==== DATA TO EXAMINE ====

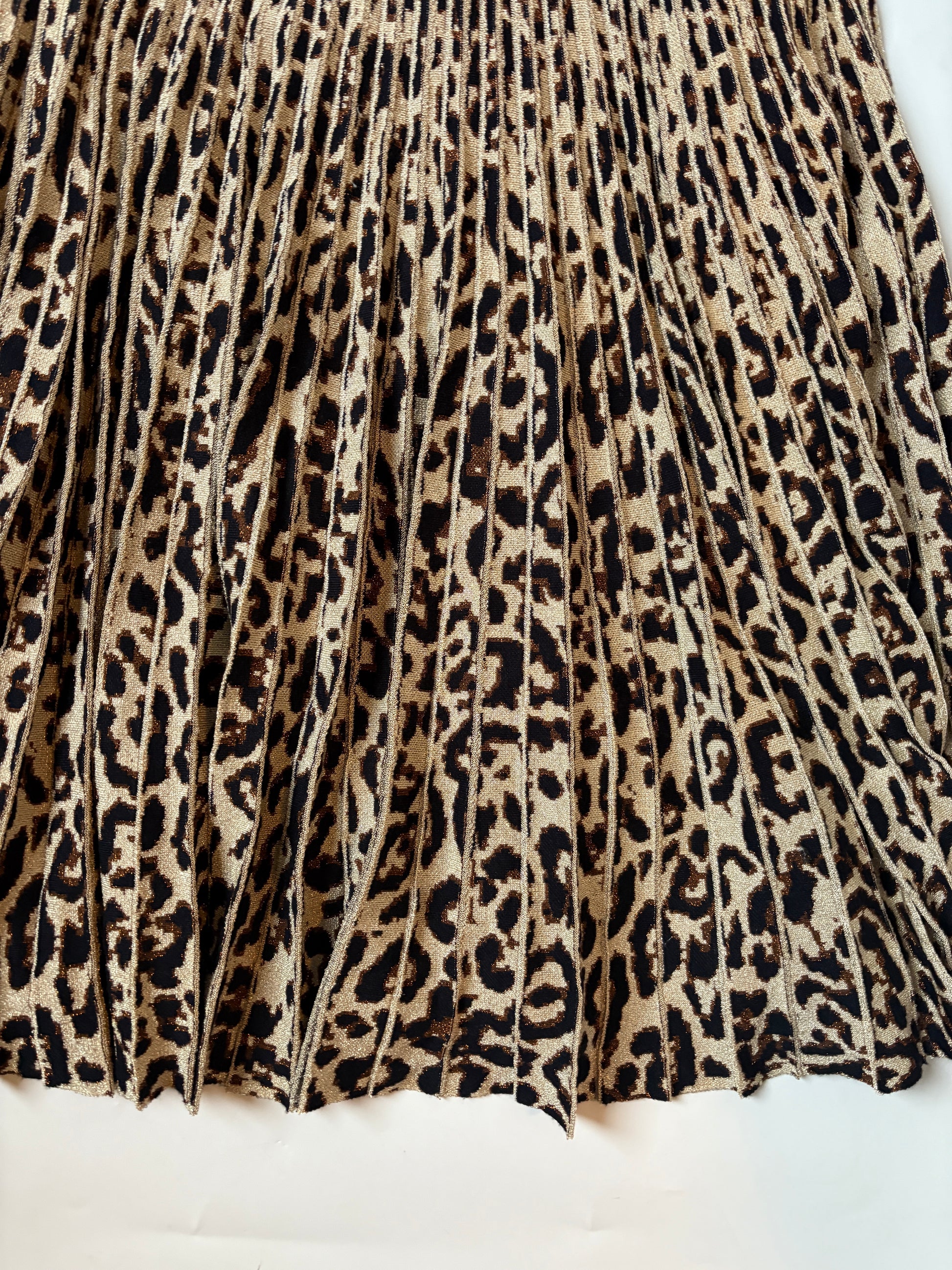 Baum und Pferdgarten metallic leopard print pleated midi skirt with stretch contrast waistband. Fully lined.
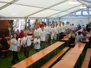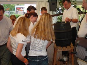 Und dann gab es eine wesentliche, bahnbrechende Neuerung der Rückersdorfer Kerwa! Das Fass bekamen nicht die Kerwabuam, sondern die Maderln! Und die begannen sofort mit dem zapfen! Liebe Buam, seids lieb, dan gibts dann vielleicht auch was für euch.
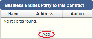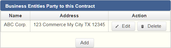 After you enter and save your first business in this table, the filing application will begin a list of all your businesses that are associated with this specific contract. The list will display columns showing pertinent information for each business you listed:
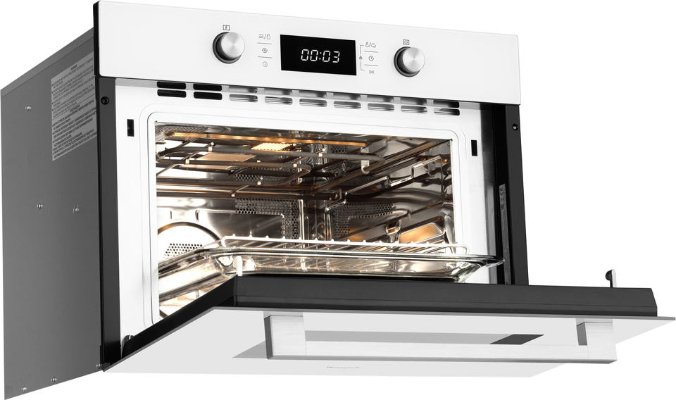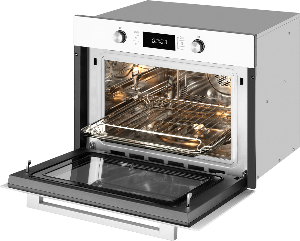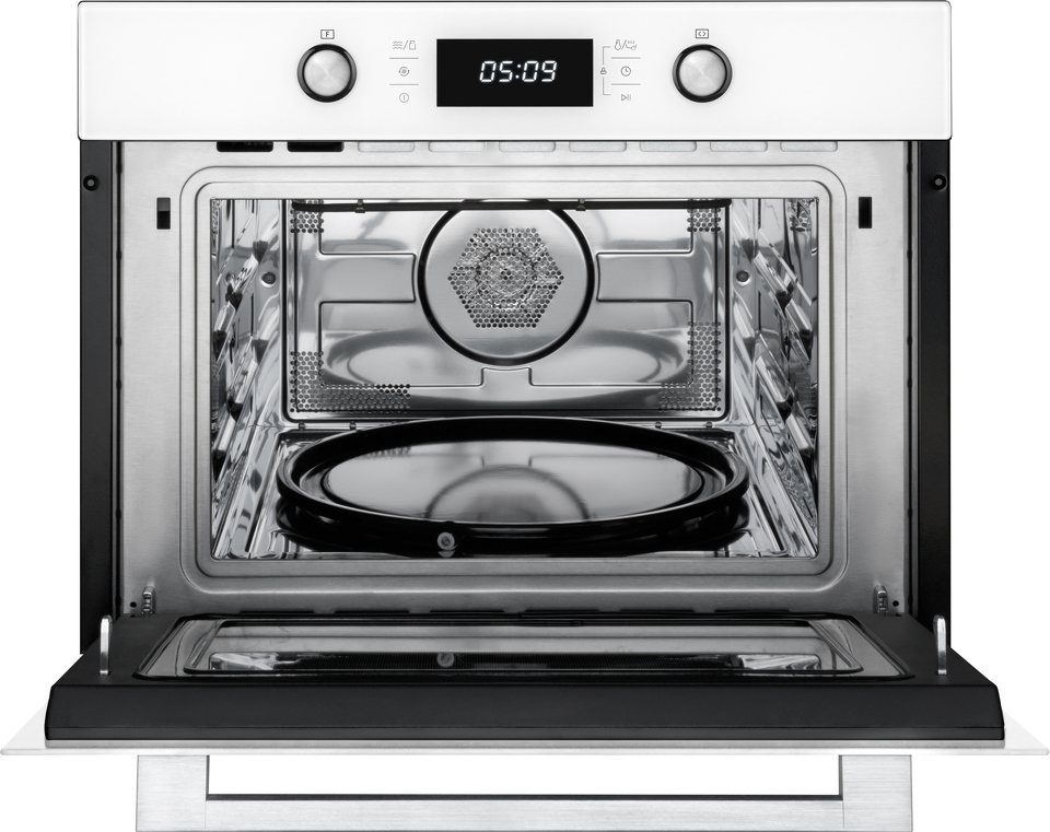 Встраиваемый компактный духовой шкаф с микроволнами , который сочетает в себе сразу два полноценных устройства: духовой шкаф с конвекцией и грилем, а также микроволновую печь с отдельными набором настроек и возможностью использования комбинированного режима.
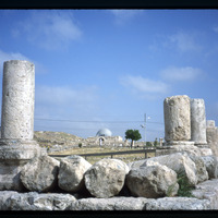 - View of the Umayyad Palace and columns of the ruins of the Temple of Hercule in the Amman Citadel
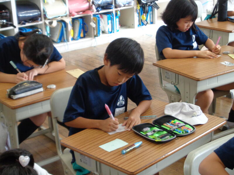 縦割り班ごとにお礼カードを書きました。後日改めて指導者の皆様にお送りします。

====

### WORK TO COMPLETE
Leave the pictures out, then output exactly the lines from the "After you enter" line through the end of the records above, and no others.

### RESULT OF THIS TASK
 After you enter and save your first business in this table, the filing application will begin a list of all your businesses that are associated with this specific contract. The list will display columns showing pertinent information for each business you listed:
 Встраиваемый компактный духовой шкаф с микроволнами , который сочетает в себе сразу два полноценных устройства: духовой шкаф с конвекцией и грилем, а также микроволновую печь с отдельными набором настроек и возможностью использования комбинированного режима.
 - View of the Umayyad Palace and columns of the ruins of the Temple of Hercule in the Amman Citadel
 縦割り班ごとにお礼カードを書きました。後日改めて指導者の皆様にお送りします。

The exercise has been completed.